_Input data_.
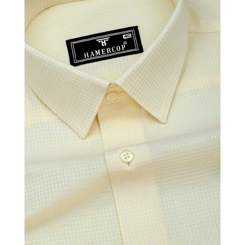 Swifton Light Yellow With White Dobby Formal Cotton Shirt
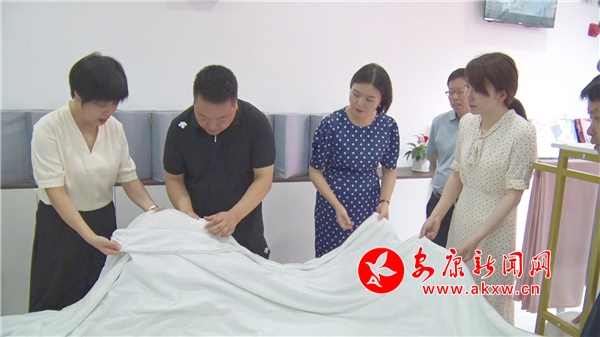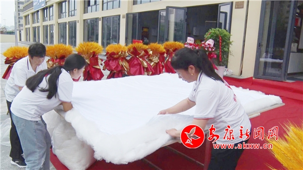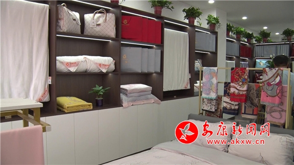 在新開(kāi)的漢陰鐵佛寺鎮(zhèn)錦漢蠶絲被旗艦店,工人們還演示了拉絲制被的過(guò)程,采用傳統(tǒng)手工拉絲工藝,將半成品絲拉松、拉長(zhǎng),逐層鋪疊,縱橫交錯(cuò),逐層壓縮,最終制造出一床優(yōu)質(zhì)的蠶絲被。進(jìn)入旗艦店,絲巾、睡衣、蠶絲被、床上用品等優(yōu)質(zhì)蠶絲制品一應(yīng)俱全。
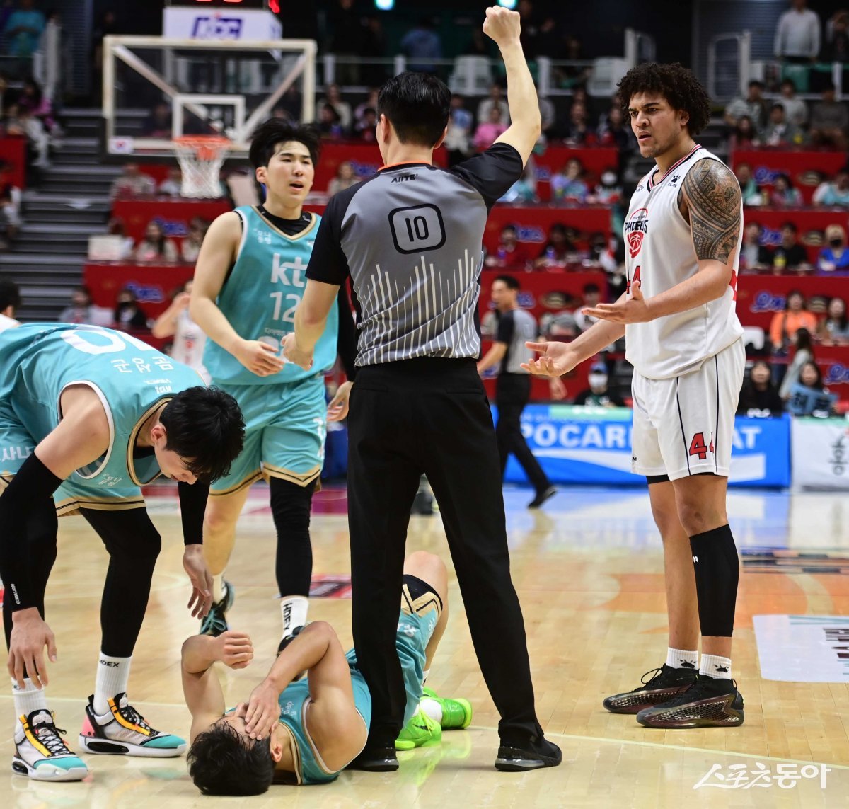7일 경기도 수원KT소닉붐아레나에서 열린 ‘2023-2024 정관장 프로농구’ 6강 플레이오프 2차전 수원 KT와 울산 현대모비스의 경기에서 현대모비스 프림이 KT 허훈에게 U-파울을 한 후 아쉬워하고 있다.
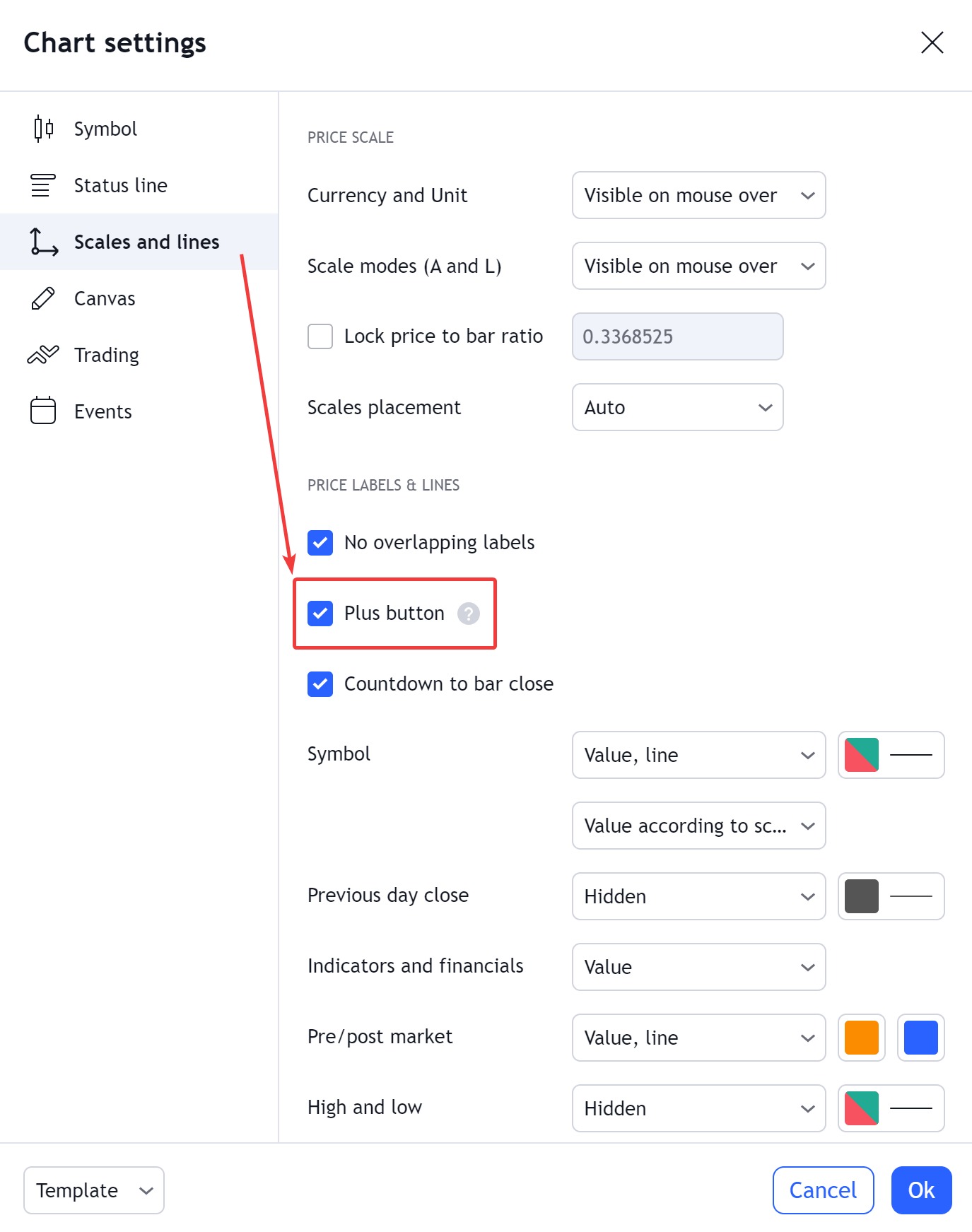 您可以在“坐标和线条”标签页上的“图表设置”对话框中启用“加号”按钮的显示,或者右键单击价格坐标,并从右键菜单中选择“加号”按钮。

_Task item_.
Pictures are not part of the copy; transcribe the rest of the data verbatim.

_Exercise solution_.
 Swifton Light Yellow With White Dobby Formal Cotton Shirt
 在新開(kāi)的漢陰鐵佛寺鎮(zhèn)錦漢蠶絲被旗艦店,工人們還演示了拉絲制被的過(guò)程,采用傳統(tǒng)手工拉絲工藝,將半成品絲拉松、拉長(zhǎng),逐層鋪疊,縱橫交錯(cuò),逐層壓縮,最終制造出一床優(yōu)質(zhì)的蠶絲被。進(jìn)入旗艦店,絲巾、睡衣、蠶絲被、床上用品等優(yōu)質(zhì)蠶絲制品一應(yīng)俱全。
7일 경기도 수원KT소닉붐아레나에서 열린 ‘2023-2024 정관장 프로농구’ 6강 플레이오프 2차전 수원 KT와 울산 현대모비스의 경기에서 현대모비스 프림이 KT 허훈에게 U-파울을 한 후 아쉬워하고 있다.
 您可以在“坐标和线条”标签页上的“图表设置”对话框中启用“加号”按钮的显示,或者右键单击价格坐标,并从右键菜单中选择“加号”按钮。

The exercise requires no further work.